Countermotion

Regarding Agenda Item 3: To ratify the acts of the members of the Managing Board

The Association of Ethical Shareholders Germany requests that the acts of the members of the Managing Board not be ratified.

Supporting statement:

The Managing Board of Siemens AG has not adequately complied with its obligations as regards human rights due diligence. Moreover, the existing and announced climate protection measures do not fulfill the goals of the Paris Agreement.

“We have learned” – a dubious claim

Dr. Roland Busch and Joe Kaeser affirm in the foreword to the latest Sustainability Report that they have learned from past mistakes “such as the controversial delivery of safety systems to Adani’s Carmichael project” (Siemens Sustainability Information 2020, page 4). A new “ESG due-diligence tool” is now intended to enable early identification of environmental risks and risks that jeopardize human rights or the company’s reputation. However, Siemens has had such an ESG risk management system before. That raises the question of whether the Managing Board will now actually comply adequately with its obligations as regards human rights due diligence.

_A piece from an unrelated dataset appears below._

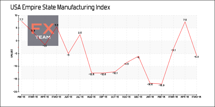 Производственный индекс Empire State от ФРБ Нью-Йорка упал до отрицательной отметки -9,0 в мае по сравнению с положительным значением 9,6 в апреле. Отрицательное значение индекса свидетельствует о снижении производственной активности.

Identifying ESG risks is by no means enough to live up to the commitments to the goals of the Paris Agreement and the UN’s 2030 Agenda for Sustainable Development. A more extensive change of course is required here so as to avoid being exposed to the ever-growing risks involved in fossil energy projects.

The Managing Board will no longer be directly responsible for the power plant business of the new Siemens Energy in the future. However, Siemens AG is still by far the largest shareholder in Siemens Energy and therefore still has a responsibility to reconcile Siemens Energy’s climate protection measures with the Paris Climate Goals.

Withdrawal from coal neither responsible nor uncompromising

Five years after the Paris Agreement, it was a long overdue step to have Siemens Energy formulate a plan for exiting coal-fired power plant business. Yet the announcements of a “responsible and uncompromising” exit was followed only by the stipulation that Siemens Energy would no longer participate in tenders for pure coal-fired power plants. An uncompromising approach would have been to at least withdraw from bidding processes in which Siemens has already submitted an offer. Siemens Energy is still involved in the controversial coal-fired power plant project Jawa 9 and 10 in Indonesia, for instance. Siemens Energy also intends to adhere to combined heat and power plants.

Based on scientific findings, two measures are particularly important so that the objective of the Paris Agreement to limit global warming to 1.5 degrees Celsius can be achieved: OECD countries must fully phase out coal-fired power generation by 2030 at the latest, and all coal-fired powerplants should be shut down by 2040 at the latest (cf. https://climateanalytics.org/briefings/coal-phase-out/).

There has been a massive increase in the economic and political pressure on the coal industry, which means that Siemens Energy’s half-hearted withdrawal from coal is also not responsible toward its own employees. They deserve a clear future perspective beyond fossil energies, since gas business predictably harbors the same risks as coal, too.

Adhering to gas hampers expansion of renewable energies

As with the phase-out of coal, a path to phase out the fossil fuel of gas is urgently needed so that the Paris Climate Goals can be achieved. By adhering to gas projects and pointing to an unrealistically high volume of green hydrogen to justify new gas infrastructure, Siemens is blocking the urgently needed expansion of renewable energies. Large plans to expand gas, coupled with the necessary reduction in the use of gas planned throughout the EU, is a recipe for ruinous investment. One example is Israel: The government has decided to expand solar energy on a massive scale and to stop issuing new permits to build new gas-fired power plants to private enterprises. The largest private gas-fired power plant planned in Israel, Reindeer Station, to which Siemens Energy wants to supply the technology and in which Siemens is an investor, should not be implemented given that. Massive local protests continue and put a question mark over whether the project will be completed.

No ambitious climate goals

The significance of Siemens’ goal to become climate-neutral by 2030 pales in view of the fact that Siemens does not include the greenhouse gas emissions in its own supply chains or from its business travel (Scope 3). More than 10 million tons of CO2 equivalent were produced as part of Scope 3 emissions in the past fiscal year, compared with “only” 700,000 tons of CO2 equivalent at its own business establishments (Scope 1 and 2). Effective climate protection measures must therefore aim to achieve a massive reduction in Scope 3 emissions; however, so far Siemens is planning to reduce them only by a meager 20 percent by 2030 and a climate-neutral supply chain is not envisaged until 2050.